Dans l’actualité, et encore plus souvent sur Internet, on parle souvent de canular, de fake, d’hoax… Mais sais-tu que cette pratique est également utilisée en art et en politique ?
Aujourd’hui, je vais te parler d’un groupe d’activistes qui me tient beaucoup à coeur : les Yes Men, qui utilisent l’hoax comme un moyen médiatique et ludique de dénoncer.
Qui sont-ils ?
Les Yes Men sont composés de Mike Bonanno et Andy Bichlbaum (et quelques autres amis et complices).
Le premier a débuté son activité lorsqu’il était étudiant avec la Barbie Liberation Organization : il interchangeait les voix des poupées barbies et des figurines GI-Joe ; stupeur chez les familles américaines qui se retrouvaient avec un GI-Joe se demandant quelle robe il allait porter, et une Barbie qui, d’une voix rauque, criait vengeance.

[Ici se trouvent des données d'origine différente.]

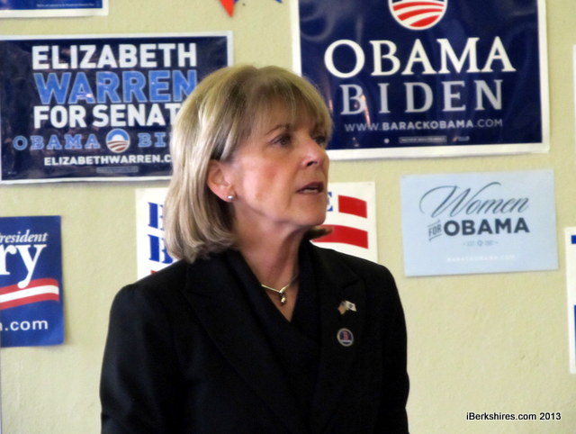 The attorney general announced last month that she would be seeking election in 2014. This is her second visit to the Berkshires since announcing; she was to receive the Northern Berkshire Business and Professional Women's Woman of Achievement Award in the evening.

Un numéro « Service client et réclamations » était inclu dans les jouets, numéro qui en réalité, était celui d’un des grands médias du pays.

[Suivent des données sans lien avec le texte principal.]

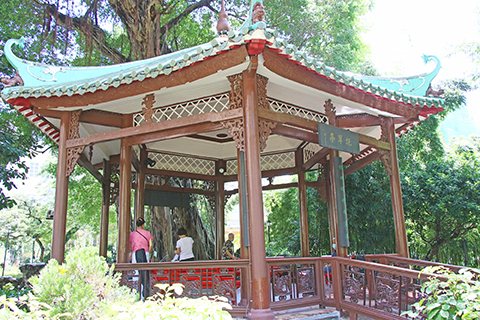 若再吟想梁披雲為此亭作的詩:「曲徑方塘得地偏,芳亭一角自清便。縱橫域外大瀛海,俯仰壺中小綠天。露竹風荷呼共語,長松高樹齊看肩。閑來漸覺滄州趣,樂與園林數歲年」,令人回味。◇(摘自網絡)

Andy Bichlbaum s’est fait connaître de manière tout aussi retentissante : programmeur de jeu vidéo, il reprogramme un jeu de baston : les hommes censés se battre se retrouvent en maillot de bain et s’embrassent. Un léger changement qui lui vaudra un licenciement… et une rencontre avec Mike Bonanno.
Dès lors, ils travailleront ensemble autour de la notion de « rectification d’identité », qui consiste à usurper l’identité d’une personne ou d’une firme, afin de mettre en lumière ses actions et discours les plus révoltants.
Pourquoi « Yes Men » ?
Il s’agit des « Hommes qui disent Oui », les « Benni-oui-oui » : leur concept est de dire oui aux discours des entreprises qu’ils visent : plutôt que d’annoncer le contraire, ils reprennent leurs idées et les poussent à l’extrême pour mettre en lumière leurs défauts.
Voyons maintenant quelles ont été leurs grandes actions.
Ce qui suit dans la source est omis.